§ Your instructions
Write out the data below in full, unchanged, minus the images.

__________________________________________________

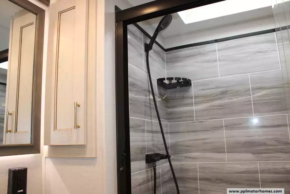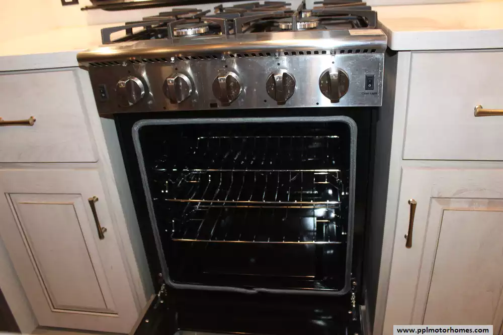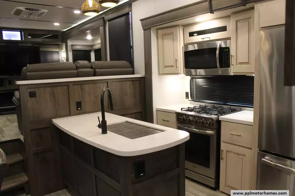 The residential-inspired kitchen is a chef's dream, equipped with a four-burner range, a large oven, a microwave, and a premium residential GE refrigerator with an in-fridge ice maker. Climate control is effortless thanks to a powerful triple-unit system consisting of two non-ducted and one ducted air conditioner, ensuring your comfort in any season. Designed with the long-term traveler in mind, this unit includes washer/dryer connections for added convenience, an outside shower for easy clean-ups, and a durable rubber roof. This Paradigm 365RD combines professional-grade construction with sophisticated amenities, making it the ultimate choice for full-time living or luxury travel.
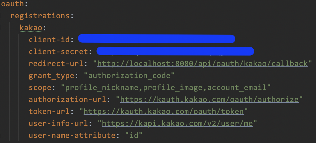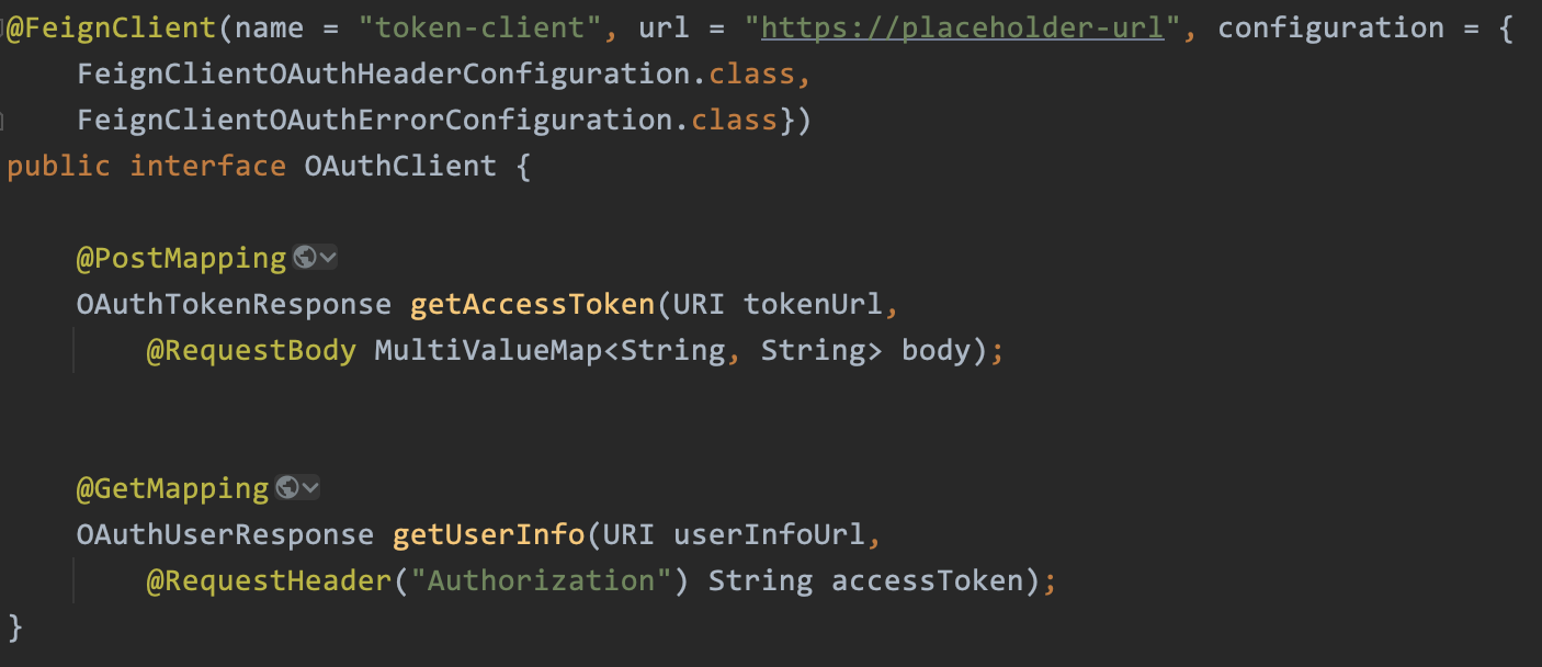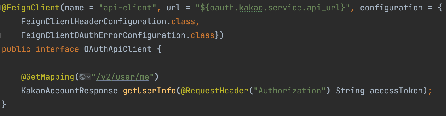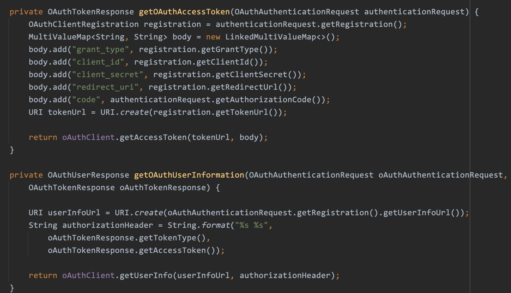 필수적으로 필요한 정보를 registration으로부터 꺼내 body에 담아 요청합니다. - getOAuthUserInformation: 유저의 정보를 요청하는 메서드입니다.
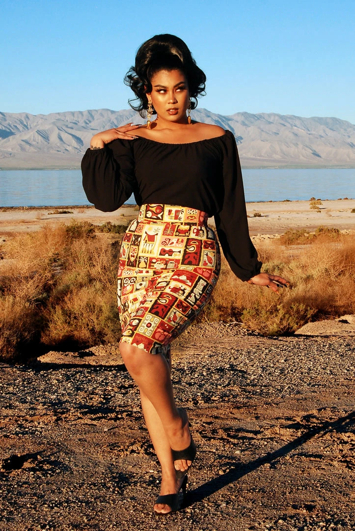Created by designer Laura Byrnes, we present you the Sylvie Long Sleeve Peasant Top. Unlined in stretch poly crepe and featuring roomy bishop sleeves, an unfitted, roomy bodice and an elasticized neck.
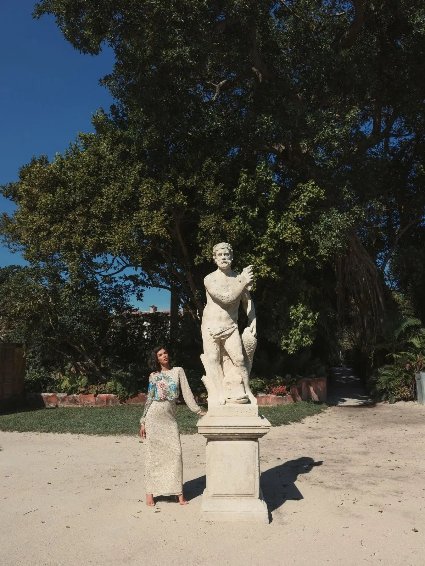 A timeless design, this gown dazzles with intricate floral sequin embellishments and delicate beading. Featuring a back vent slit and semi-sheer long blouson sleeves, it's the perfect choice for elegant evening and formal events.
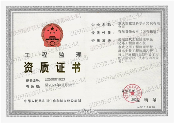 工程監理資質證書(甲級)
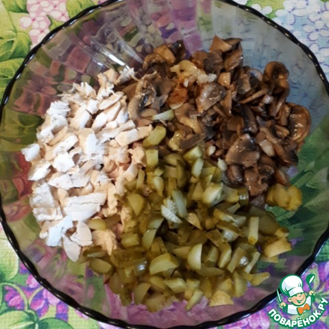 Нарезать куриное филе и корнишоны, добавить в салатник жареный лук и грибы.
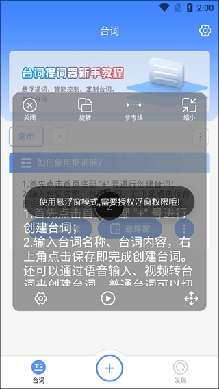 3、台词创建成功后,即可使用悬浮窗与提词板功能;
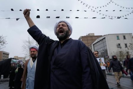 Fars News Agency via APSmoke from an explosion rises behind demonstrators attending the annual anti-...
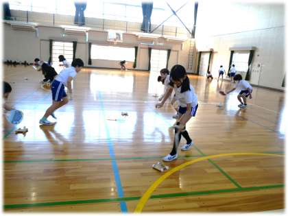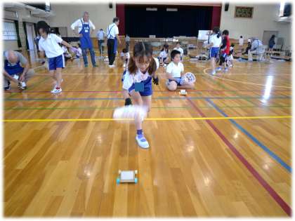 第1号の車が出来上がると、早速体育館後ろのスペースで、うちわで風を起こしながら、車を走らせます。何度も走らせたり、友達の車の走りを見たりしながら、「もっと速く走らせたい」「まっすぐスムーズに走らせるためにはどうしたらいいかな」と、新たな思いをもっていることが伝わってきます。
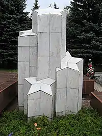Осенью 1978 года в городе при земляных работах были обнаружены останки двух солдат, которые были перезахоронены на Центральном кладбище возле входа. Учитывая тот факт, что в дальнейшем могут быть найдены другие останки защитников Москвы, администрация Зеленограда в этом же году объявила конкурс на проект памятника погибшим, победителем которого стал А. Г. Стискин. Памятник был открыт 8 мая 1981 года[9][13][17]. Мемориал представляет собой квадратный подиум из полированного красного гранита, в центре которого расположена четырёхметровая скульптурная композиция, облицованная белым мрамором — четыре пятиконечные звёзды, соединённые в одну фигуру. На горизонтальной плоскости плиты выполнена надпись из накладных металлических букв: «Павшим за Родину вечная слава». Перед памятником установлена мемориальная доска с надписью: «Братская могила воинов, погибших в боях на крюковско-истринском направлении осенью 1941 г. Памятник открыт 8 мая 1981 г.»[17][8][18][19][20].
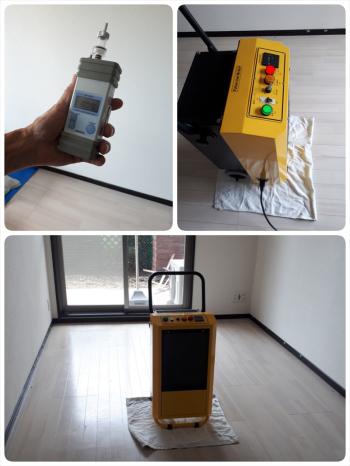 消臭洗浄が終わりましたら、各部屋を閉め切り行う。オゾン脱臭機でオゾン脱臭(除菌も含む)を約2時間行いました。臭いの状況によりオゾン脱臭時間は変更します。
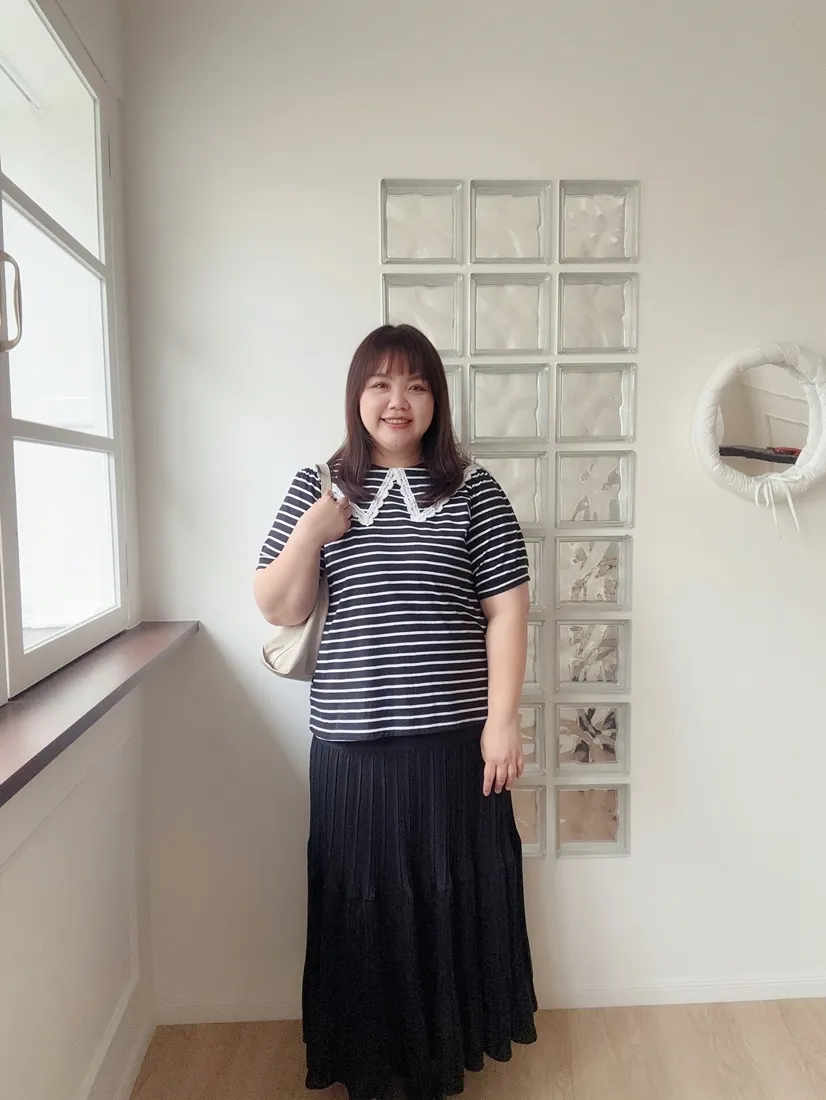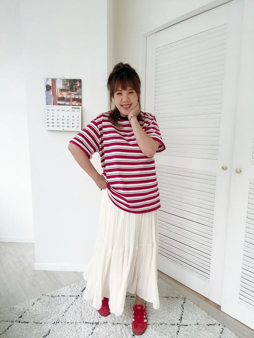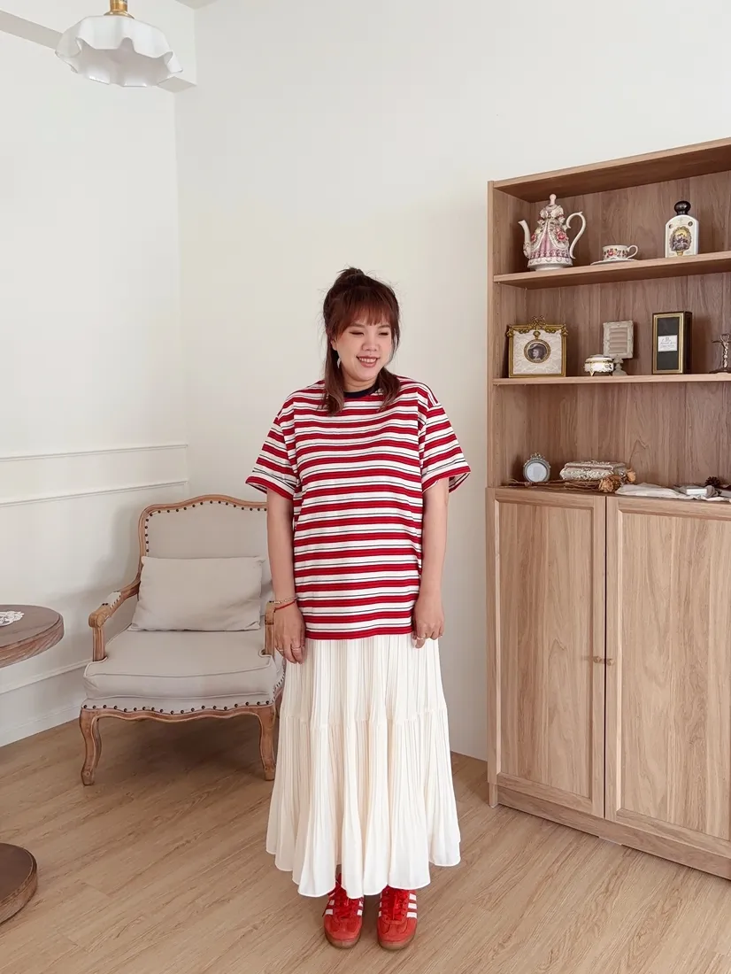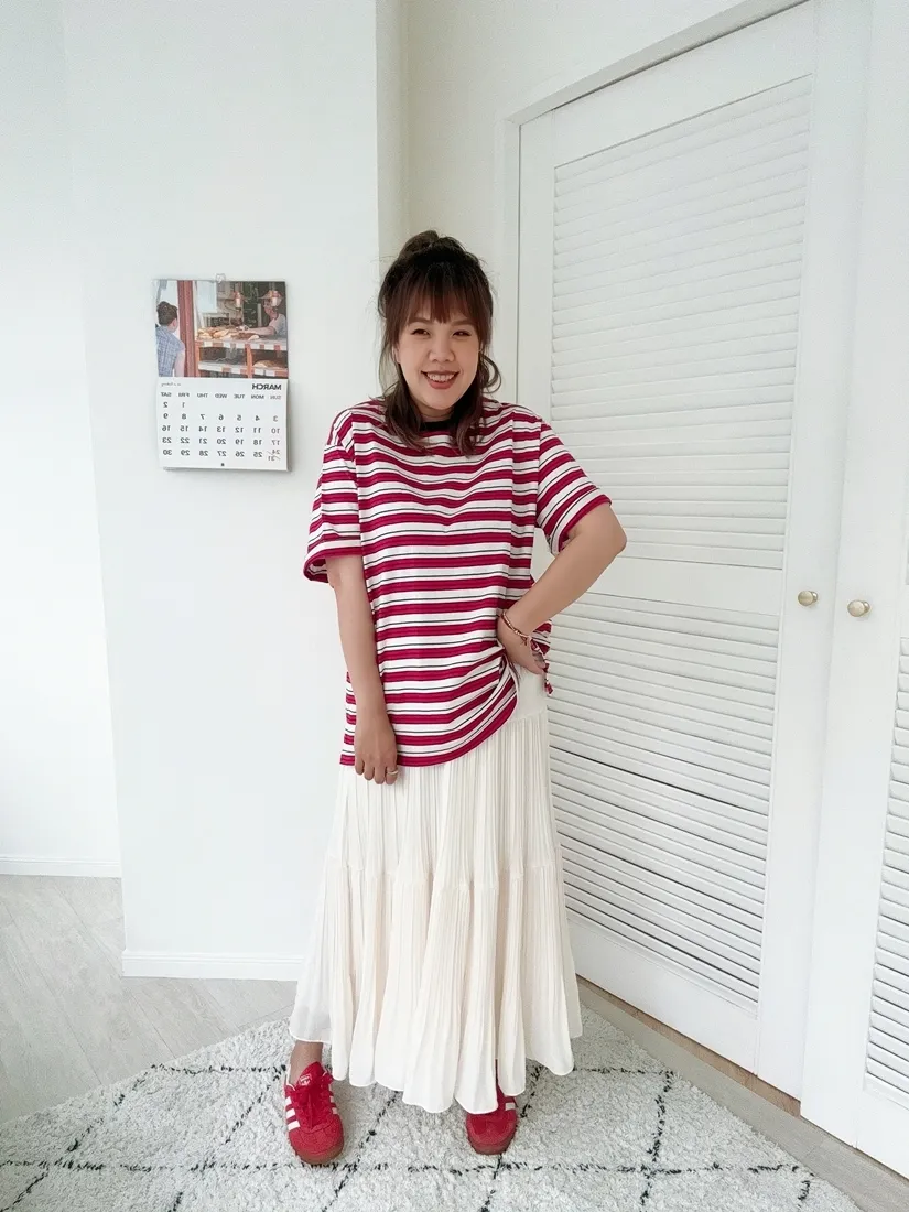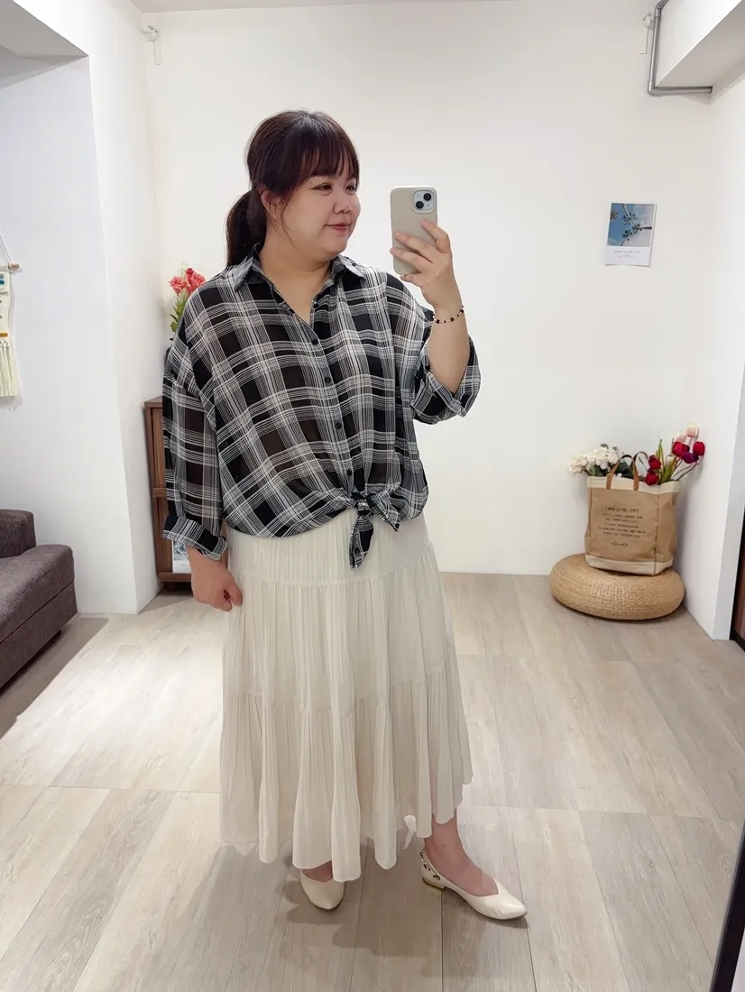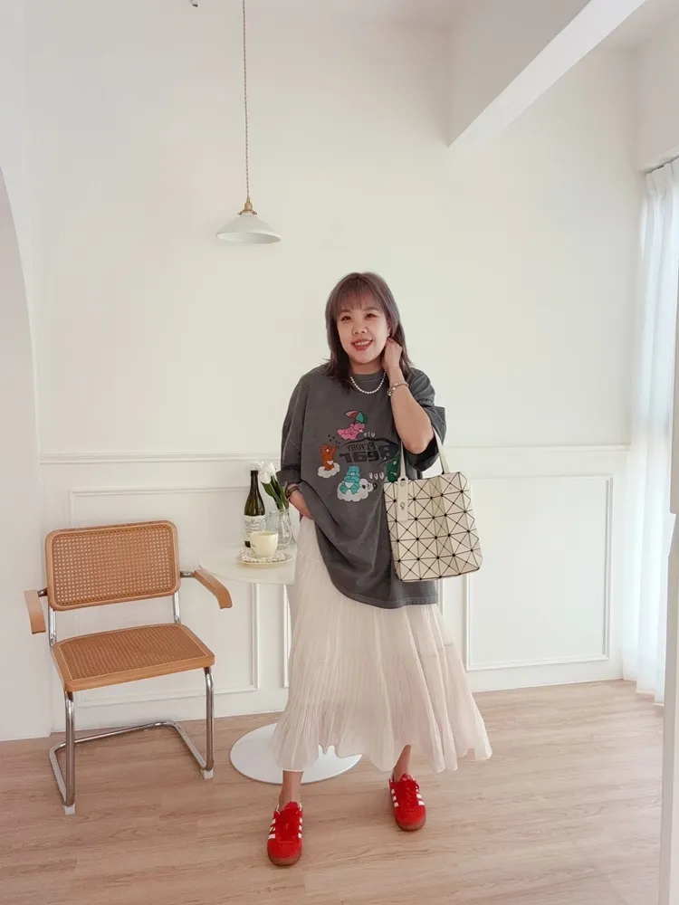 ✓ 三層百摺拼接,讓整件裙子更有層次飄逸感;百摺非常藏肉,修飾下半身

__________________________________________________

§ Output for this exercise
 The residential-inspired kitchen is a chef's dream, equipped with a four-burner range, a large oven, a microwave, and a premium residential GE refrigerator with an in-fridge ice maker. Climate control is effortless thanks to a powerful triple-unit system consisting of two non-ducted and one ducted air conditioner, ensuring your comfort in any season. Designed with the long-term traveler in mind, this unit includes washer/dryer connections for added convenience, an outside shower for easy clean-ups, and a durable rubber roof. This Paradigm 365RD combines professional-grade construction with sophisticated amenities, making it the ultimate choice for full-time living or luxury travel.
 필수적으로 필요한 정보를 registration으로부터 꺼내 body에 담아 요청합니다. - getOAuthUserInformation: 유저의 정보를 요청하는 메서드입니다.
Created by designer Laura Byrnes, we present you the Sylvie Long Sleeve Peasant Top. Unlined in stretch poly crepe and featuring roomy bishop sleeves, an unfitted, roomy bodice and an elasticized neck.
 A timeless design, this gown dazzles with intricate floral sequin embellishments and delicate beading. Featuring a back vent slit and semi-sheer long blouson sleeves, it's the perfect choice for elegant evening and formal events.
 工程監理資質證書(甲級)
 Нарезать куриное филе и корнишоны, добавить в салатник жареный лук и грибы.
 3、台词创建成功后,即可使用悬浮窗与提词板功能;
 Fars News Agency via APSmoke from an explosion rises behind demonstrators attending the annual anti-...
 第1号の車が出来上がると、早速体育館後ろのスペースで、うちわで風を起こしながら、車を走らせます。何度も走らせたり、友達の車の走りを見たりしながら、「もっと速く走らせたい」「まっすぐスムーズに走らせるためにはどうしたらいいかな」と、新たな思いをもっていることが伝わってきます。
Осенью 1978 года в городе при земляных работах были обнаружены останки двух солдат, которые были перезахоронены на Центральном кладбище возле входа. Учитывая тот факт, что в дальнейшем могут быть найдены другие останки защитников Москвы, администрация Зеленограда в этом же году объявила конкурс на проект памятника погибшим, победителем которого стал А. Г. Стискин. Памятник был открыт 8 мая 1981 года[9][13][17]. Мемориал представляет собой квадратный подиум из полированного красного гранита, в центре которого расположена четырёхметровая скульптурная композиция, облицованная белым мрамором — четыре пятиконечные звёзды, соединённые в одну фигуру. На горизонтальной плоскости плиты выполнена надпись из накладных металлических букв: «Павшим за Родину вечная слава». Перед памятником установлена мемориальная доска с надписью: «Братская могила воинов, погибших в боях на крюковско-истринском направлении осенью 1941 г. Памятник открыт 8 мая 1981 г.»[17][8][18][19][20].
 消臭洗浄が終わりましたら、各部屋を閉め切り行う。オゾン脱臭機でオゾン脱臭(除菌も含む)を約2時間行いました。臭いの状況によりオゾン脱臭時間は変更します。
 ✓ 三層百摺拼接,讓整件裙子更有層次飄逸感;百摺非常藏肉,修飾下半身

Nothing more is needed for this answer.